A more sensible alternative: instead of conducting a post-hoc power calculation based on observed effect size, the authors could show what a power calculation would have looked like with their chosen sample size and some small-to-moderate effect size that would be notable enough to adopt the therapy in clinical practice (essentially, the “most clinically reasonable effect size” that you mention here, @TFeend ).

How would that look in practice? Let’s now consider a trial with 1,000 patients (exactly 500 per treatment arm). In the standard of care, suppose that 250 participants (exactly 50%) experienced the primary outcome. In the experimental arm, suppose that 249 participants (49.8%) experienced the primary outcome. Again, this comparison will return a non-significant result (p=0.95) suggesting that there is no difference between the treatment groups. Again, a post-hoc power calculation based upon the observed effect size will show that the study had extremely low statistical power (about 5%).

This information is virtually useless; a more useful alternative would be computing statistical power that the sample size would have for some clinically relevant effect size. Suppose that we would want to adopt this therapy if it reduced the true event rate from 50% to 40%. A hypothetical trial with 1,000 participants (500 per arm) would have 89% power to detect such a difference, and therefore we may conclude that this initial trial was not “underpowered” to detect a clinically relevant effect – the trial was in fact reasonably well-powered to detect such an effect."

Hopefully that is helpful.


I also want to return to the point that power calculations are made using other wrong assumptions, such as overestimating average event probabilities and underestimating variance of continuous Y. There are many reasons that power is merely a pre-study issue, if even good then.


I do appreciate those concerns. In the stuck-between-rock-and-hard place that Tim (and others, including myself) may find ourselves in - a paper returned with a reviewer comment that wishes to dismiss a finding of “no relationship” by stating “your study must be underpowered, please include a post-hoc power calculation” - do you consider the approach suggested above at all reasonable?

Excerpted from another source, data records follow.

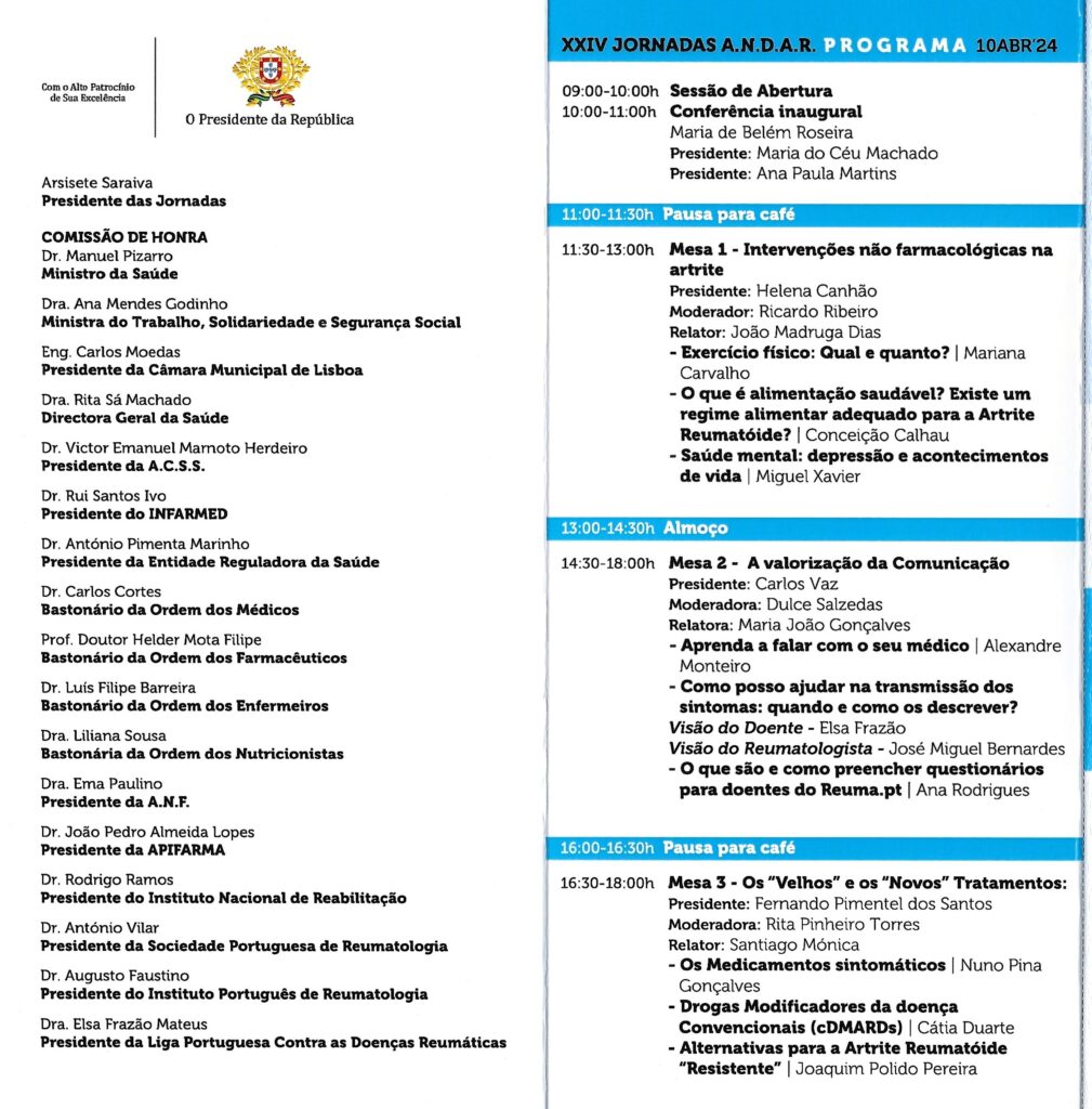 Arsisete Saraiva, Presidente da A.N.D.A.R, defende que as XXIV Jornadas são “um passo firme na missão de unir esforços para melhorar a qualidade de vida dos doentes com Artrite Reumatóide em Portugal”. Mais do que a abordagem à componente física, estamos empenhados em promover o acesso a informações atualizadas, tratamentos eficazes e a ferramentas que promovam o bem-estar emocional e social de todos os que são afetados por esta doença”.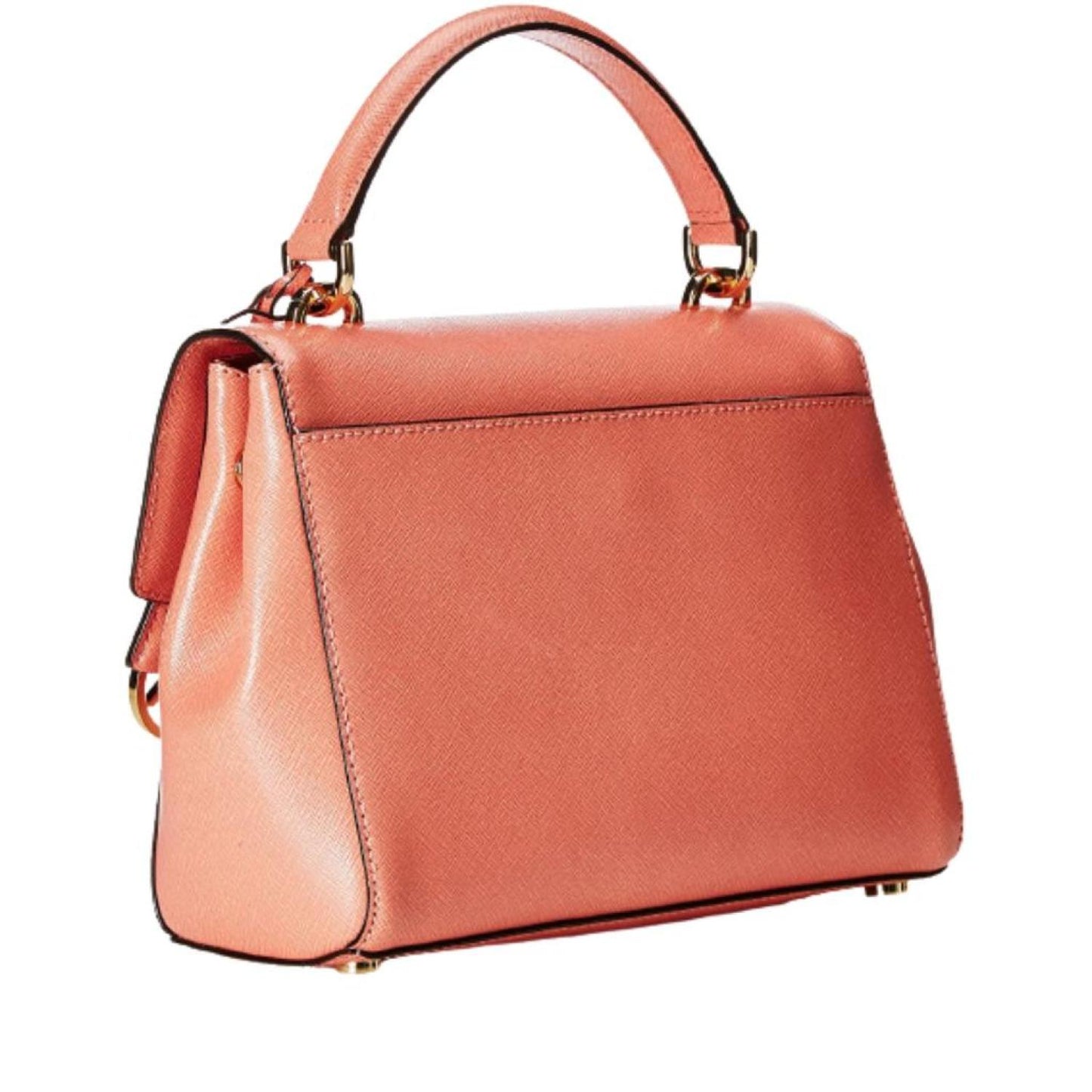 Made of Leather with top handle; Flap with Magnetic inside closure; Back open pocket with snap closure; 1 inside zip pocket 1 inside open pocket; Adjustable and detachable leather shoulder strap of 18-22 inches drop Leather handles of 4 inches drop; Gold hardware Measurements - Length - 9.75 x Height - 7 x Width - 4 Inches Comes with original tags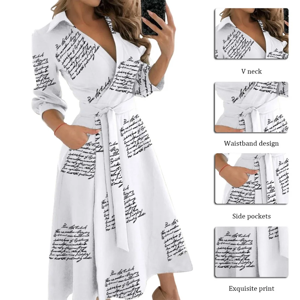 Платье-рубашка женское в горошекс цветочным принтом, однобортное Праздничное Платье макси с длинным рукавом и поясом, одежда для весны и осени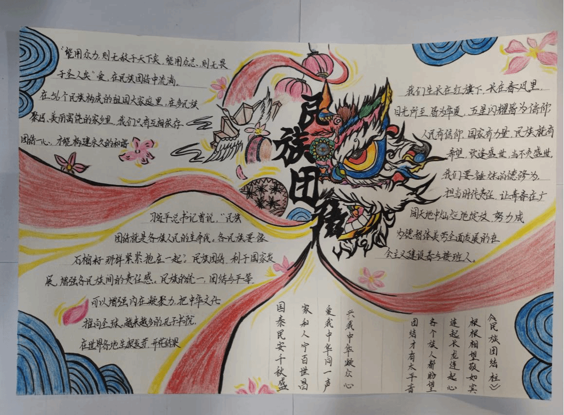 为增强我院学生的爱国意识,全面贯彻党的民族政策,深化民族团结教育进步,铸牢中华民族共同体意识,加强各民族学生交往交流交融,我院于2023年3月27日至31日开展“民族团结一家亲”主题书画活动。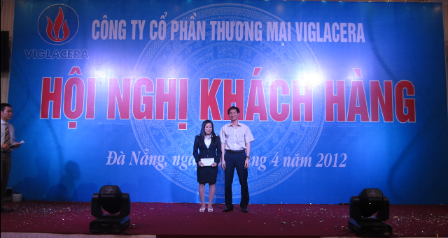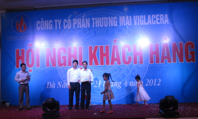 Nhằm bày tỏ sự cảm ơn sâu sắc tới các bạn hàng đã và đang ủng hộ sản phẩm sứ vệ sinh – sen vòi Viglacera, Công ty CP Thương mại Viglacera tiến hành trao thưởng bằng hiện vật Tổng kết chương trình bán hàng Quý I/2012 trị giá từ 3 triệu đồng đến 15 triệu đồng cho 08 khách hàng tiêu biểu trong tiêu thụ sứ vệ sinh – sen vòi Viglacera năm 2011 tại TP Đà Nẵng.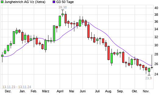 Mit dem Anstieg auf 26,82 EUR hat die Jungheinrich Vz-Aktie am 12.11.2024 die 50-Tage-Linie nach oben gekreuzt.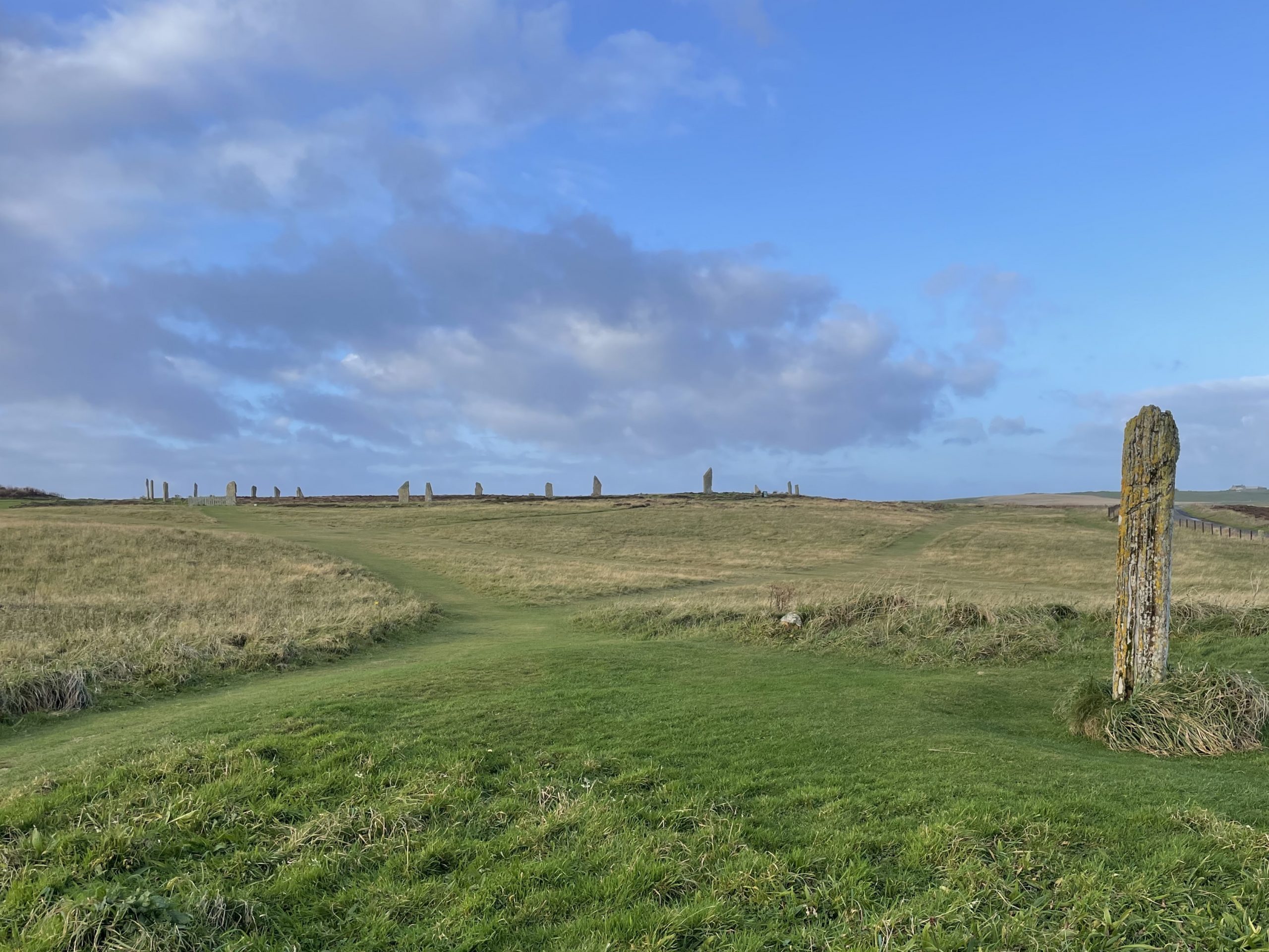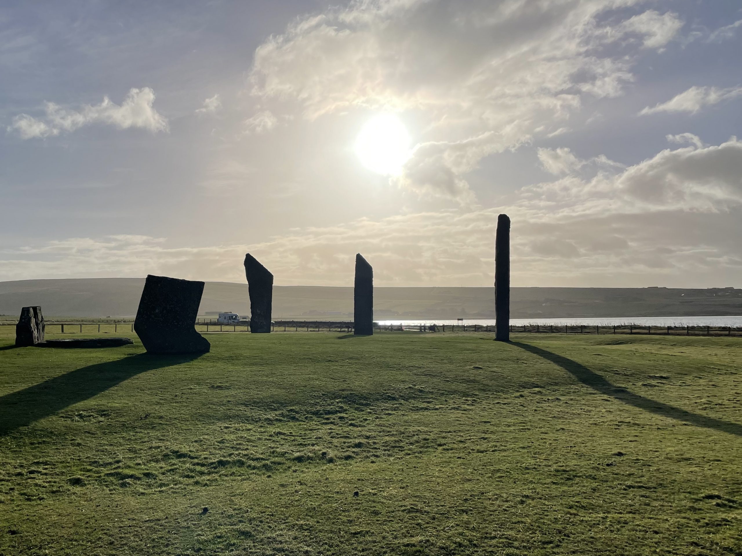 There are several sets of standing stones on Orkney and the Stones of Stenness were the first we visited. They are possibly the remains of the oldest stone circle in the UK. Only four of the original 12 stones are still upright. A couple were destroyed by a landowner in the 1800s who wanted to discourage the local population from using his land. He also destroyed the nearby ‘Odin Stone’ where locals used the hole in the stone to make binding oaths. The name of this stone is possibly a sign that Vikings used the stones for their own religious and ritual reasons many years after they were first raised.

I can appreciate the hand-wavy nature of power calculations before the study as well, but surely you see some value in estimating the number of patients needed for something - even if not a dichotomous decision rule, the ability to estimate an effect within some amount of precision? I am often concerned about the accuracy in the power calculations that I provide to collaborators, but I would prefer that they be based on something rather than simply recruiting whatever number of patients they think is enough (they’d almost always underestimate, I suspect).


I really like this example. Helps me (non-expert) to better understand the concepts being discussed. How similar is this to doing a post-hoc (conditional) equivalence test with a minimally important difference?

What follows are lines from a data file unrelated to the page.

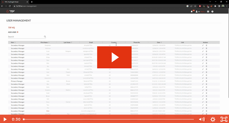 Need to remove a facility manager or other user type from the 75F user portal, Facilisight? Watch our tutorial to learn how you can remove users and their access to building sites in just 75 seconds or less. This action will only be possible if the user removing an account has the correct permissions to do so built into their own account.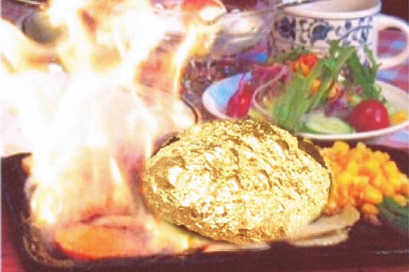 大人気の炎のハンバーグに、金粉をまとわせました。お祝いごとや記念日にご好評いただいでおります。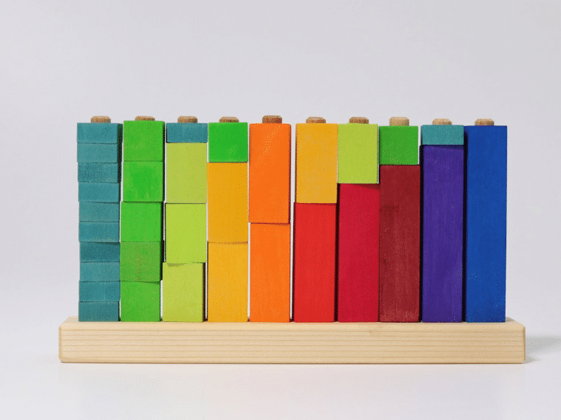 Explorez les mathématiques avec ce matériel de manipulation signé Grimm’s! Ce jeu à empiler permettra aux enfants de mieux visualiser les chiffres et l’arithmétique. Les blocs de 1 font 1 cm, les blocs de 2 font 2 cm, les blocs de 3 font 3 cm… jusqu’à 10!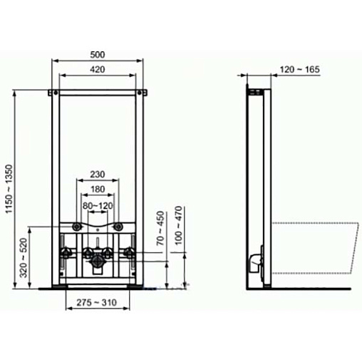 Габариты рамы для монтажа (ШхВхГ): 500х1350х165 мм.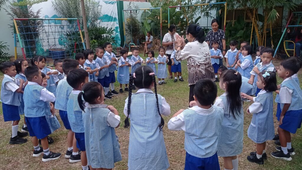 Kegiatan hari itu diawali seperti biasa dengan salam pagi dan berbaris rapi di depan kelas. Sapaan hangat dari ibu guru setiap pagi menjadi rutinitas yang sederhana namun penting untuk membangun kedekatan emosional antara guru dan siswa. Anak-anak belajar menyapa dengan sopan, membalas senyum, dan berlatih disiplin saat berbaris. Setelah barisan rapi terbentuk, anak-anak dengan antusias berjalan bersama menuju taman bermain, dipandu oleh guru yang selalu siap membimbing dengan sabar.

Yes I do find it reasonable, especially if you footnote it with a caveat or two. Even better would be to stick with a compatibility interval.

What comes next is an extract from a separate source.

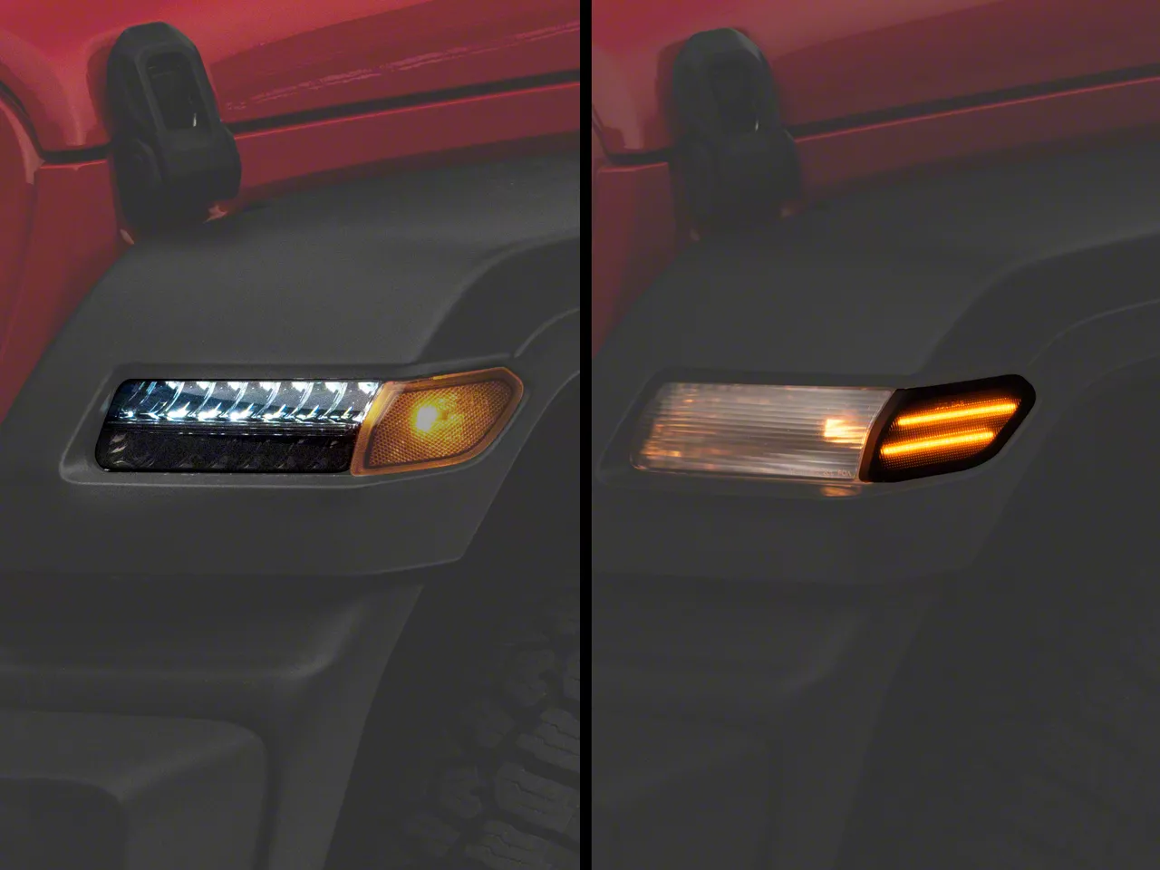Exterior Lighting Upgrade. Raxiom's Axial Series LED Fender Flare Marker Lights and Sequential LED Parking/Turn Signal Light Combo Kit is a simple and effective way to upgrade the exterior styling of your 2018-2026 Jeep Wrangler. The Side Marker Lights feature two razor sharp LED strips that replace the unsightly hot spot of the factory lights. While the Parking/Turn Signal Lights feature highly visible amber LEDs that sequence when activated. These Raxiom Axial Series Lights not only look great, but are much brighter than the weak factory incandescent lights for increased visibility day or night.

I still believe this is one of the best papers on statistical power by Hoenig & Heisey


along with this paper by @Sander


My suggestion is also always look to the compatibility intervals! That would be a far more fruitful effort than trying to determine whether your study was underpowered or not. It is often difficult to know whether the reason you have a nonsignificant finding is because of a true indistinguishable difference or because your study was underpowered. A way to reduce your uncertainty about whether the test hypothesis is really true is by utilizing equivalence testing (if you must test hypotheses) or you could attempt to plan studies based on precision so that the computed compatibility interval or (a function of it) is closely clustered around certain values.